Description of the task: The copy you return must match the listing word for word and carry no pictures.

Data provided:
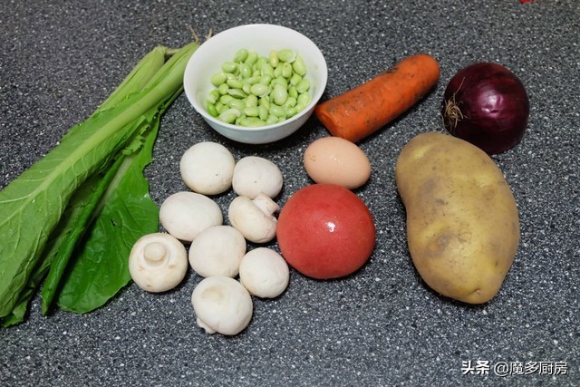 食材准备:有一小碗毛豆粒、半根胡萝卜、一个土豆、半个洋葱、两根小白菜、8粒口蘑、一个番茄、一个鸡蛋,因为做的量不多,所以每种食材只需要少量就可以了。
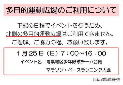 多目的運動広場年間予定表を掲載しました
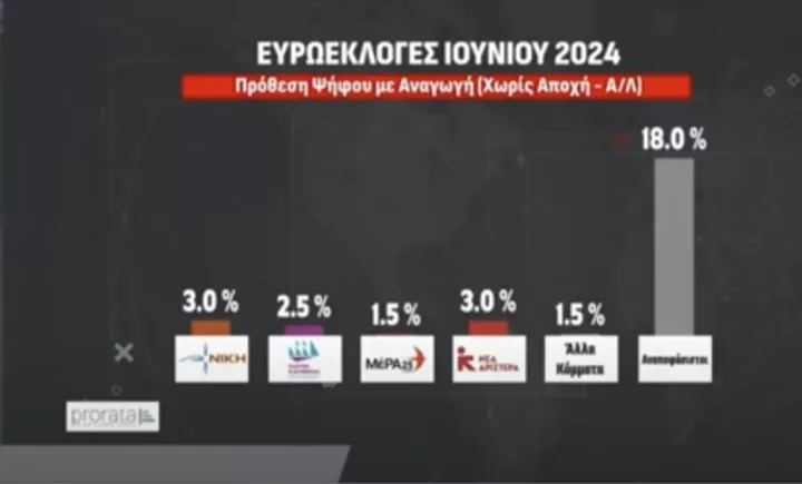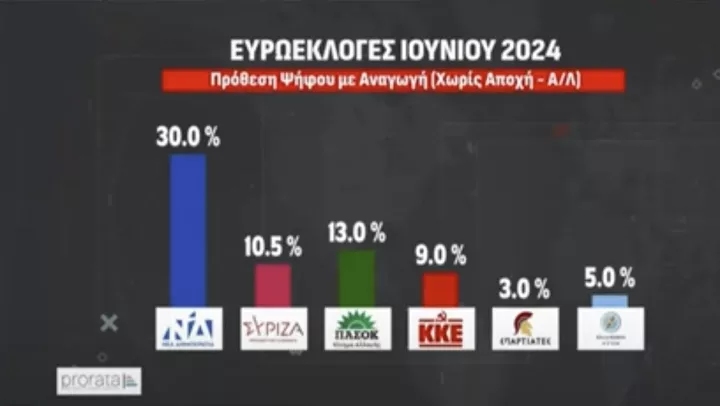 Πιο αναλυτικά, σύμφωνα με τη δημοσκόπηση, στην πρόθεση ψήφου με αναγωγή επί των εγκύρων, για τις ευρωεκλογές, η ΝΔ προηγείται με 30%, δεύτερο είναι το ΠΑΣΟΚ-ΚΙΝΑΛ με 13% και τρίτος ο ΣΥΡΙΖΑ με 10,5%.
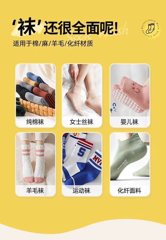 它不仅能深层清洁,还能保护袜子的纤维,洗再多次都像新的一样柔软舒适! 再也不用担心袜子泛黄变硬,穿在脚上自信满满! 使用方法超简单,一泵就搞定,泡沫丰富易冲洗,简直是懒人福音! 🛁 现在,洗袜子变成了一种享受,每次穿上都像是给自己的小脚丫做了一个SPA!

Solution to this task:
 食材准备:有一小碗毛豆粒、半根胡萝卜、一个土豆、半个洋葱、两根小白菜、8粒口蘑、一个番茄、一个鸡蛋,因为做的量不多,所以每种食材只需要少量就可以了。
 多目的運動広場年間予定表を掲載しました
 Πιο αναλυτικά, σύμφωνα με τη δημοσκόπηση, στην πρόθεση ψήφου με αναγωγή επί των εγκύρων, για τις ευρωεκλογές, η ΝΔ προηγείται με 30%, δεύτερο είναι το ΠΑΣΟΚ-ΚΙΝΑΛ με 13% και τρίτος ο ΣΥΡΙΖΑ με 10,5%.
 它不仅能深层清洁,还能保护袜子的纤维,洗再多次都像新的一样柔软舒适! 再也不用担心袜子泛黄变硬,穿在脚上自信满满! 使用方法超简单,一泵就搞定,泡沫丰富易冲洗,简直是懒人福音! 🛁 现在,洗袜子变成了一种享受,每次穿上都像是给自己的小脚丫做了一个SPA!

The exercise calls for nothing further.